● **Brief**
Copy the material below verbatim from the line with "Выставка Vintage Boombox на деревянной полке" to the line with "The multi-purpose room", both lines included, omitting pictures and every line outside that range.

● **Data for this exercise**
↓

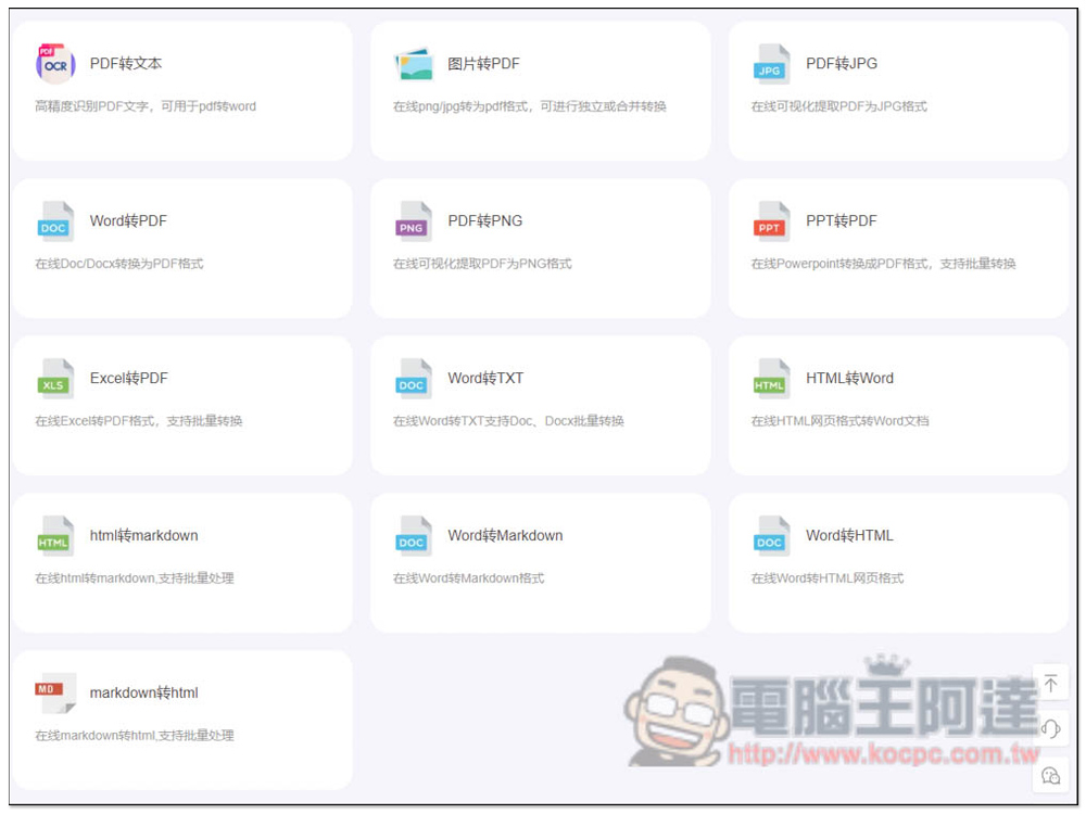 文檔轉換有 PDF 合併、PDF 提取、PDF 拆分、PDF 壓縮、PDF 排序、PDF 刪除、PDF 解鎖、PDF 添加浮水印、PDF 旋轉、PDF 加密等等:
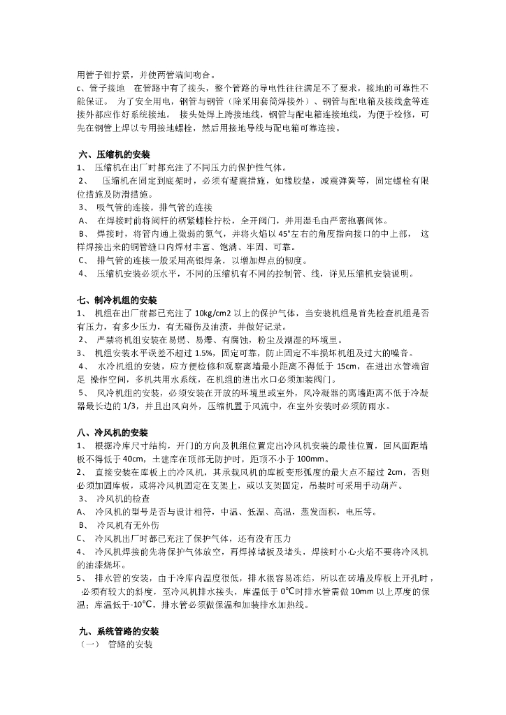 冷库的安装以及维修施工方案.doc
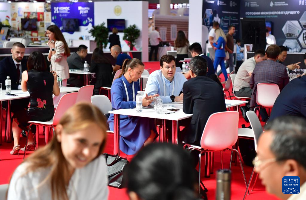 8月18日,多国企业代表在俄罗斯喀山举行的第三届俄罗斯-中国互利合作“萌芽”论坛上洽谈。新华社记者 张超群 摄
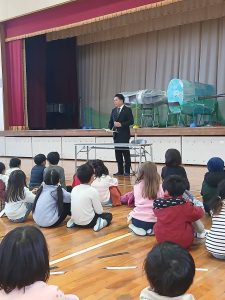 その後、全校児童に向けて、挨拶は違いがある私たち同士が互いを尊重していることの印であることや市長さんの子どもの頃の仲の良かったご友人との友情についてのお話をしてくださいました。
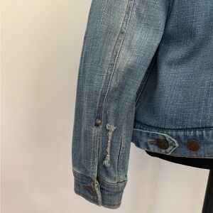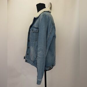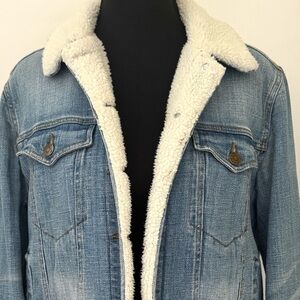 The interior and collar are lined with a soft, white sherpa fleece, providing warmth and a distinctive look. The outer shell is made of denim, typically in a blue, light-wash color and features a button-up closure, a collared neckline, and two front pockets. Approximate flat measurements; length 21”, armpit to armpit 19”, sleeve length 23.5”
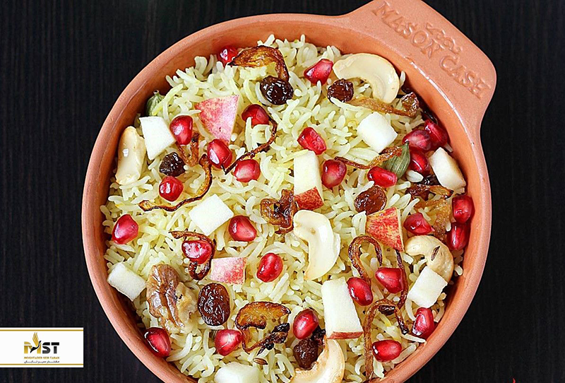 - محتویات اصلی: برنج، میوه تازه و خشک، زعفران
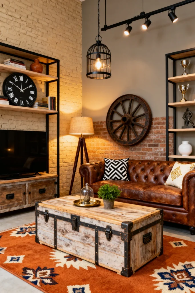 Last but not least, we have the Industrial Loft look. This is all about raw materials: exposed brick, black metal, and reclaimed wood. The coffee table is literally a vintage shipping crate, which is such a cool, functional conversation piece.
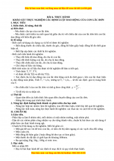 KHẢO SÁT THỰC NGHIỆM CÁC ĐỊNH LUẬT DAO ĐỘNG CỦA CON LẮC ĐƠN I. MỤC TIÊU
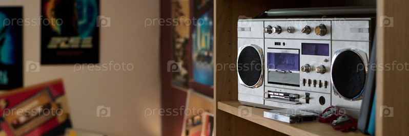 Выставка Vintage Boombox на деревянной полке
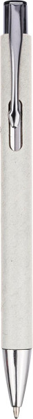 Kugelschreiber aus recyceltem Karton mit verchromten Details. Spitze und Druckknopf aus Kunststoff und Metallclip. Ca. 800 Meter Schreiblänge, Blaue Tinte.
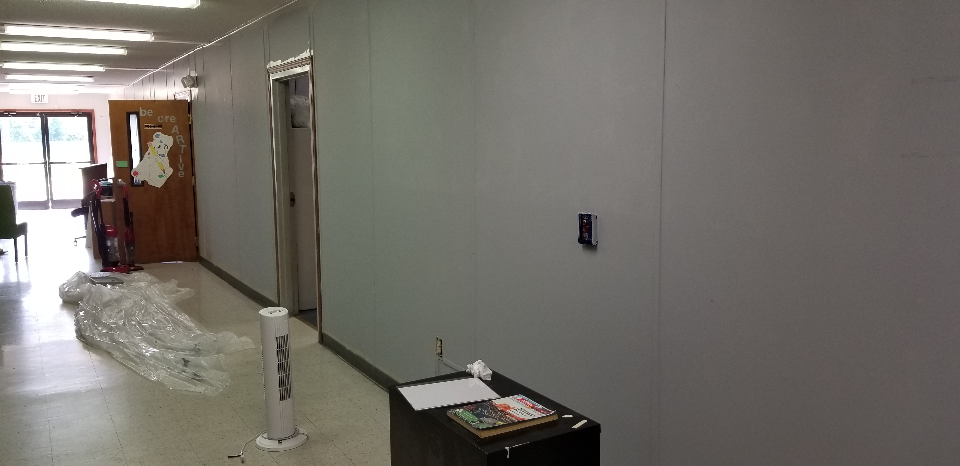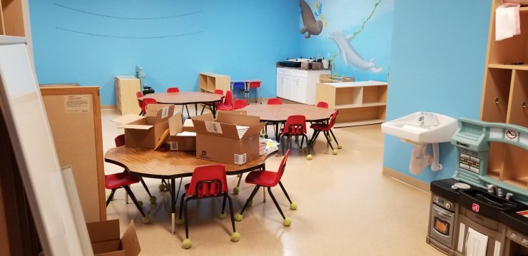 The multi-purpose room in the daycare building has been split into two rooms to accommodate an additional K4 class. Next year, we will be serving 54 preschool students.
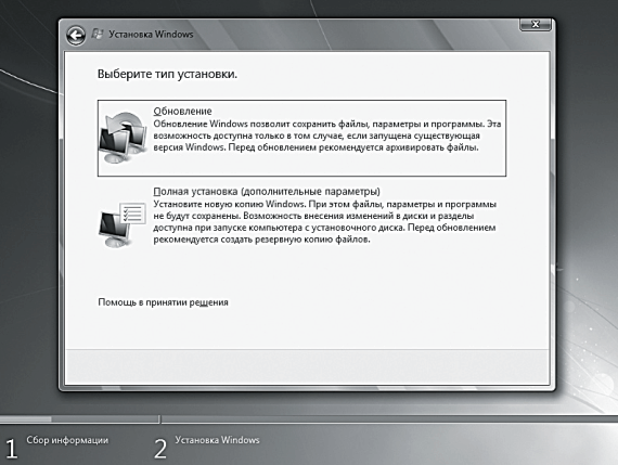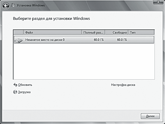 После нажатия кнопки Далее (Next) вам предстоит выбрать вариант установки Windows (рис. 3.3). Возможна полная установка или обновление ранее установленной версии Windows. В последнем случае вы можете обновить установленную на вашем компьютере Windows XP или Vista до Windows 7, при этом все настройки, учетные записи и установленные программы сохранятся. Но о режиме обновления мы еще поговорим. Сейчас мы устанавливаем систему с нуля, поэтому следует нажать кнопку Полная установка (Full Install). Появится окно, в котором вам предлагается выбрать диск, на который будет ставиться система (рис. 3.4).

↑

● **Answer to the exercise**
 Выставка Vintage Boombox на деревянной полке
 Kugelschreiber aus recyceltem Karton mit verchromten Details. Spitze und Druckknopf aus Kunststoff und Metallclip. Ca. 800 Meter Schreiblänge, Blaue Tinte.
 The multi-purpose room in the daycare building has been split into two rooms to accommodate an additional K4 class. Next year, we will be serving 54 preschool students.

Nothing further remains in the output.